Donc vous seriez plus du côté de ce que l'on appelle la peinture allemande, la peinture du Nord...

Moi mon peintre, comme Baudelaire a eu Delacroix, moi, c'est Rauschenberg. J'ai parsemé Ingrid Caven d'objets trouvés — en essayant que ça ne fasse pas collage poétique, que ce soit dans le cours du récit, justifié par lui — : un dialogue de Blanche Neige de Grimm, une description de Sarrebruck par Goethe, une espèce de script de Fassbinder, un passage du Chant XII de l'Odyssée juxtaposé à un passage de Tintin (Les Bijoux de la Castafiore)... À la façon de Rauschenberg, quand il met dans un coin de ses fresques modernes un morceau d'une peinture de David (Napoléon à cheval), ou de Botticelli... Il y en a d'autres, des peintres, mais je me sens en fraternité avec Rauschenberg, je me sens en total réseau, branché, oui c'est ça. Quand je vois une exposition de Rauschenberg, je n'ai pas l'impression d'aller flâner dans une galerie d'art où on dit que c'est beau ou que c'est pas beau. C'est pas ça la question. Ça me recharge. Ça me confirme. Ça me légitime. Je me sens mieux. Je me sens moins seul. Je me rappelle un film où il disait : « Ne jetez jamais le journal ». Ses fresques sont faites d'objets trouvés, mais il arrive à y mettre une dimension lyrique.

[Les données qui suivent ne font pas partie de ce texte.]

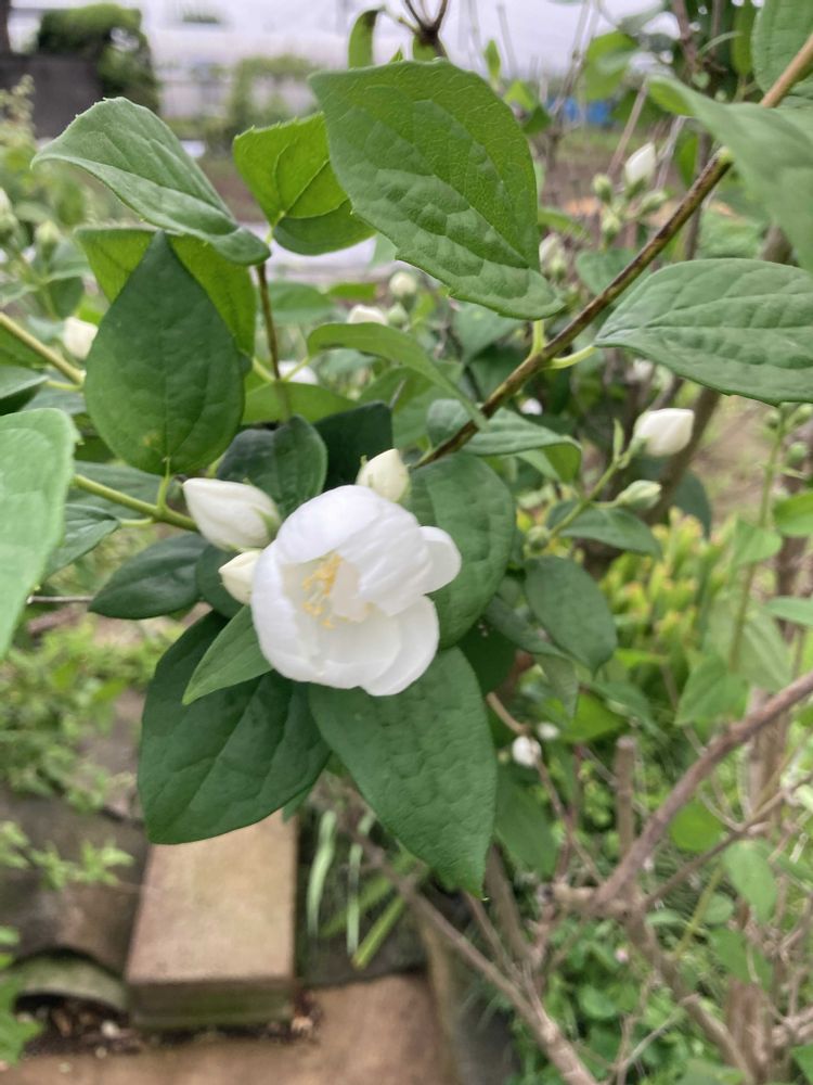 検索してみたら「バイカウツギ」らしい。 初めて見たような気がする。
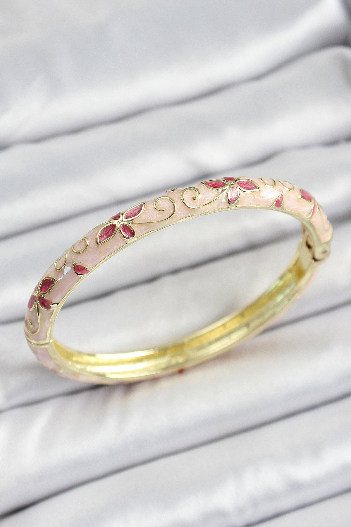 Mineli Pirinç Pembe Çiçek Desenli Kadın Kelepçe - TJ-BB7168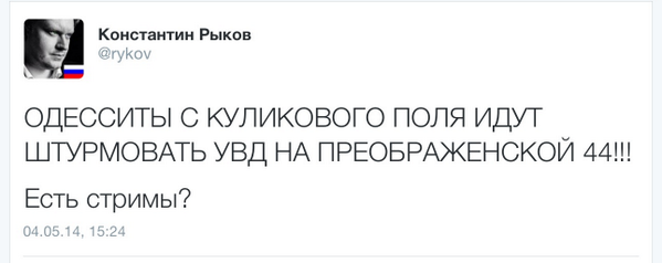 P.S. И я прошу вас, друзья, не называйте погибших в Одессе ребят "одесской сотней". Пожалуйста, не надо. Они не заслужили, чтобы к ним приклеилось это позорное майдановское погоняло. "Небесная сотня" - это фальшивый, трижды купленный и десятеро проданный миф, как бандера и шухевич. Не позорьте отважных 38 ребят-одесситов даже намёком на подонков майдана."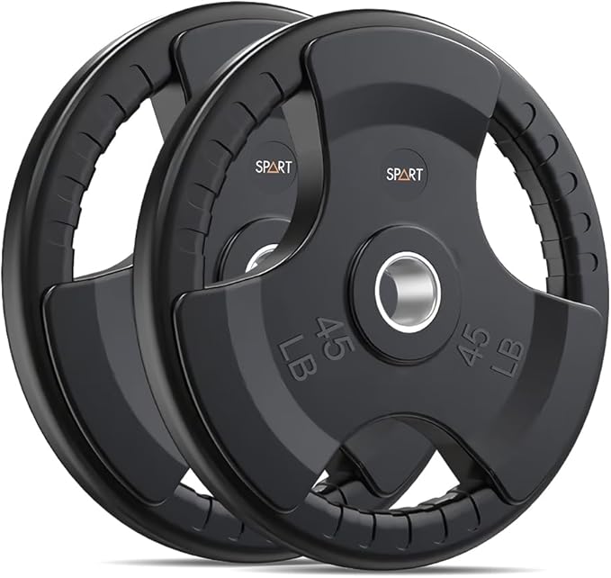 - đź’ŞFEATURE: SPART weight plates have a solid iron core and slide rubber surface. This design can protect the floor from damage and ensure enough weight when you do exercise. The strong steel ring insert can help you assembly the barbell easily. The three holes are designed for grip according to your hands and you can do weightlifting exercise with single plate as well.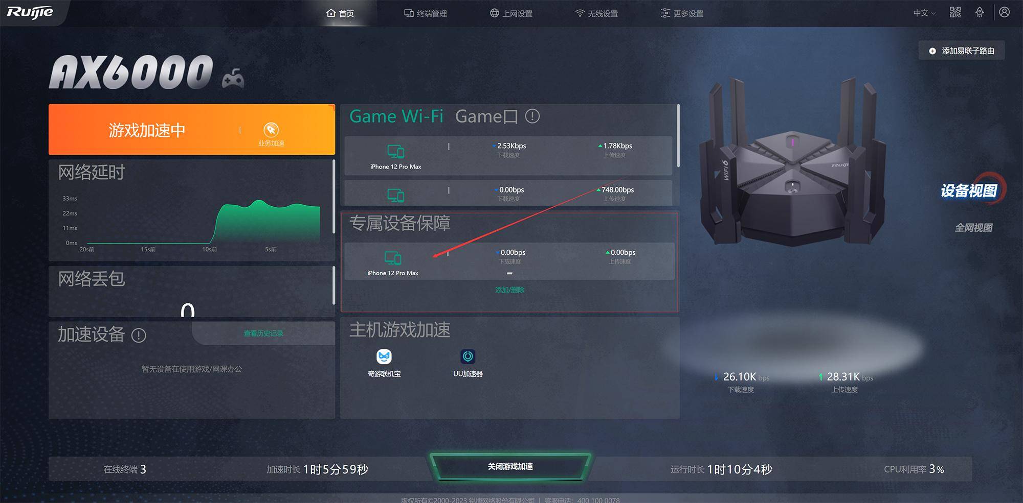 办公与游戏少一不可。如果说锐捷天蝎的专属设备能够保证4台设备的网络,那么它对于游戏的加速功能则可以保证游戏的流畅性。顺手开一把王者,可以实时的在锐捷天蝎的管理端看到游戏中的设备处于加速状态。

Vous possédez des tableaux ?

Pardon ? Non. Non, non. Non seulement je n'en possède pas mais je n'aime pas les tableaux sur les murs. Personnellement je ne trouve pas que les tableaux soient faits pour... Idéalement, je trouve que c'est dans l'atelier... ou alors bon il y a les musées ; on ne peut pas y échapper mais c'est quand même pénible, les musées. Surtout les nouveaux, style culturel chic, en plein air, Fondation Maeght et toutes ces fondations modernes, culture pour tous, culture moderne à tous... II soupire. Je n'ai pas de
tableaux, j'ai quelques albums d'expositions.